Because the interfaces defined by this specification are not final and are subject to change they are not intended to be used by shipping software products. If you are interested in using this feature in your software product, please let us know!

Copy link

@illuhad illuhad left a comment

Choose a reason for hiding this comment

The reason will be displayed to describe this comment to others. Learn more.

Great to see at last what you've been working on :)
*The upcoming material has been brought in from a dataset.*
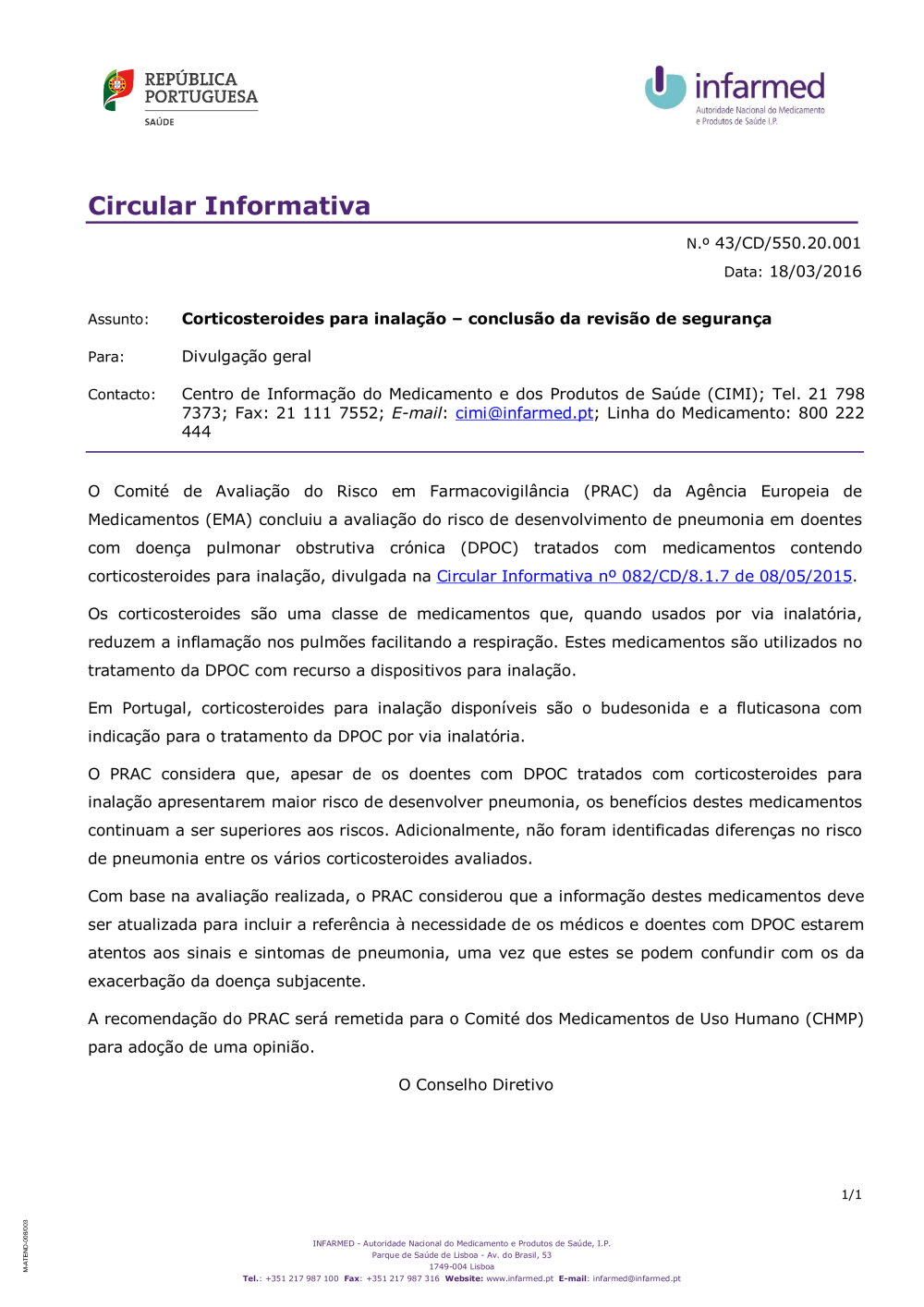 Uploads feitos por Javier Sanchez Doncel, 03-05-2016 13:09 Categorias: Circulares Público: Cidadãos Entidades Profissionais de saúde Taxonomias: Medicamentos de uso humano Alertas de segurança

You asked for feedback, so here are some things I noticed:

  • I can see that the ability to request individual SVM features can be very powerful, if implementations are happy to carry the burden of dealing with all of the possible combinations. However, I am a bit concerned with adoption if the "common cases" of device/host/shared SVM that you describe are hidden underneath some not necessarily obvious combinations of bitfield values. Can we perhaps have convenience shortcuts for these common cases? This could make user code simpler and make it more attractive to use this memory management model, and it could provide guidance for users and vendors if everybody knew clearly which combinations of capabilities to focus their testing on. This could help portability and adoption.
  • Can we have the ability to register an existing memory allocation to make it device accessible, similarly to cudaHostRegister?

@bashbaug
Copy link
Contributor Author

Thank you for the feedback!

  • I can see that the ability to request individual SVM features can be very powerful, if implementations are happy to carry the burden of dealing with all of the possible combinations. However, I am a bit concerned with adoption if the "common cases" of device/host/shared SVM that you describe are hidden underneath some not necessarily obvious combinations of bitfield values. Can we perhaps have convenience shortcuts for these common cases? This could make user code simpler and make it more attractive to use this memory management model, and it could provide guidance for users and vendors if everybody knew clearly which combinations of capabilities to focus their testing on. This could help portability and adoption.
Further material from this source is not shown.